* [Problem statement]
When the line containing "Data nickel histogram" appears in the entries below, begin printing there and stop after the line containing "2つのハートを重ねた繊細なデザインのブレスレットです。"; print each of those lines exactly and no other line.

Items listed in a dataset
----

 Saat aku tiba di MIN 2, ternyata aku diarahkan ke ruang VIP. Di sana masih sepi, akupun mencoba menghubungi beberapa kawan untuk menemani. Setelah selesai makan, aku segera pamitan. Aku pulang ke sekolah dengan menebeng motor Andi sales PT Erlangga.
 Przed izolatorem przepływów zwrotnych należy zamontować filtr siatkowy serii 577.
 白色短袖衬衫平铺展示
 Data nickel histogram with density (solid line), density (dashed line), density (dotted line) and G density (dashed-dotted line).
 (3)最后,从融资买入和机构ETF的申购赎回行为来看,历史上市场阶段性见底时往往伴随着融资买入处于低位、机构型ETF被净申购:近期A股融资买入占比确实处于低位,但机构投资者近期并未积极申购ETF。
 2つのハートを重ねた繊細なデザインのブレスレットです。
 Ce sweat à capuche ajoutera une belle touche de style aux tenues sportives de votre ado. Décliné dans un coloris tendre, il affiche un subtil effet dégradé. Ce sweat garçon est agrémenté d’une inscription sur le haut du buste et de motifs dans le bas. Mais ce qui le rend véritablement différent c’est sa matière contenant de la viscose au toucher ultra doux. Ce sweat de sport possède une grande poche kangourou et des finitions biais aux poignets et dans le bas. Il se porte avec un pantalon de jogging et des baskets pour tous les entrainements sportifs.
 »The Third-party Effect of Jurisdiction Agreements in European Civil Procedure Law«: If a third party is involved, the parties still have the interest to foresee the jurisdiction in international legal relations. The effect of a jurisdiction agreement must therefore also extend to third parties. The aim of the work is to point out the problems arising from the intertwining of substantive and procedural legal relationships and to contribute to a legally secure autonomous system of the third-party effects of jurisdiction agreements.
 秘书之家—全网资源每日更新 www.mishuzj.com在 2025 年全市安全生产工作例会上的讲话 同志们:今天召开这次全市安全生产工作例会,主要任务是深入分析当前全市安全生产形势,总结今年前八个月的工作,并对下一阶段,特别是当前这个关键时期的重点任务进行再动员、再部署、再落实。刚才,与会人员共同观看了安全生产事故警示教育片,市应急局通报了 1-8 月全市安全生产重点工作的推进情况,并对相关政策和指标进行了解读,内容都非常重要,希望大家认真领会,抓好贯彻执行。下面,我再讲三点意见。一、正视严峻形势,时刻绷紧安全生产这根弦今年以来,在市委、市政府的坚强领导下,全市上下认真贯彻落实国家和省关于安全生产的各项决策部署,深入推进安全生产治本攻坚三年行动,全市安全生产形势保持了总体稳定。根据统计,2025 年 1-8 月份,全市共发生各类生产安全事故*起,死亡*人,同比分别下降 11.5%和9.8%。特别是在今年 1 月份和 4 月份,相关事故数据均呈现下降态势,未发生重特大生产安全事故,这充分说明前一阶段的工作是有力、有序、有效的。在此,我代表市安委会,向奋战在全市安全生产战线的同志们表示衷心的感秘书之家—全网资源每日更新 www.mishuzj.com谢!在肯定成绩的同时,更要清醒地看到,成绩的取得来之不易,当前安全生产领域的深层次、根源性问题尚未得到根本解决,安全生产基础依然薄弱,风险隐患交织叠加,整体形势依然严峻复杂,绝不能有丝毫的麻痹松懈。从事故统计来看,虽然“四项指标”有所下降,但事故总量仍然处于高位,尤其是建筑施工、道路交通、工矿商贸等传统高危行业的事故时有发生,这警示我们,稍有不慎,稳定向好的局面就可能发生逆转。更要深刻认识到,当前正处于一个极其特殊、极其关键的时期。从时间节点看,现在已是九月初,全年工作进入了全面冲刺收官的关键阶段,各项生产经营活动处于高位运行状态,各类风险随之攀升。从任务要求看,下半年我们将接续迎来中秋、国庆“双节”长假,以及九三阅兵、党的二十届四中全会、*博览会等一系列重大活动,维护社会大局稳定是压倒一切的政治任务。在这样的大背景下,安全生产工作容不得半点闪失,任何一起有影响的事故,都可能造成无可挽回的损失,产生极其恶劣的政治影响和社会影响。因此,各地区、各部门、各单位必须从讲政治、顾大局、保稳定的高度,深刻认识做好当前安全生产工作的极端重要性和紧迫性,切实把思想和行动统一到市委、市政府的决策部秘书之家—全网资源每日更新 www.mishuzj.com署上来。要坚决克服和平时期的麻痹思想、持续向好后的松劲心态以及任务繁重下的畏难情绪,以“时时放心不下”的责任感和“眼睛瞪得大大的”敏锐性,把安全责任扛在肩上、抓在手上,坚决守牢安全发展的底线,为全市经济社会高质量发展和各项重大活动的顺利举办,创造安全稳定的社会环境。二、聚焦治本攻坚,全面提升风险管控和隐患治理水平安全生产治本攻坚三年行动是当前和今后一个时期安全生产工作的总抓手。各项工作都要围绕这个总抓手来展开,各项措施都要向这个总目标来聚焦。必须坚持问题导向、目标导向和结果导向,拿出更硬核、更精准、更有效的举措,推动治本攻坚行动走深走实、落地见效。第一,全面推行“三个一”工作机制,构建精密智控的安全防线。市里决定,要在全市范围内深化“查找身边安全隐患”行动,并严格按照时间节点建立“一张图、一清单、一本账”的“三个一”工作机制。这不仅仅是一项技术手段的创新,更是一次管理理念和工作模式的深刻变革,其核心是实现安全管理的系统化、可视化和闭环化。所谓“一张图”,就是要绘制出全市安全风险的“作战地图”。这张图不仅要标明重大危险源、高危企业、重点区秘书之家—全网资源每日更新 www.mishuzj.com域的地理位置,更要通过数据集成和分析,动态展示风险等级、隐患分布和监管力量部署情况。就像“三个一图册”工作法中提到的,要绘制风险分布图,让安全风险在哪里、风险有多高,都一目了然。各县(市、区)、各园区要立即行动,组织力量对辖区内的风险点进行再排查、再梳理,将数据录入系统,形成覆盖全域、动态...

----

* [Output of the task]
 Data nickel histogram with density (solid line), density (dashed line), density (dotted line) and G density (dashed-dotted line).
 (3)最后,从融资买入和机构ETF的申购赎回行为来看,历史上市场阶段性见底时往往伴随着融资买入处于低位、机构型ETF被净申购:近期A股融资买入占比确实处于低位,但机构投资者近期并未积极申购ETF。
 2つのハートを重ねた繊細なデザインのブレスレットです。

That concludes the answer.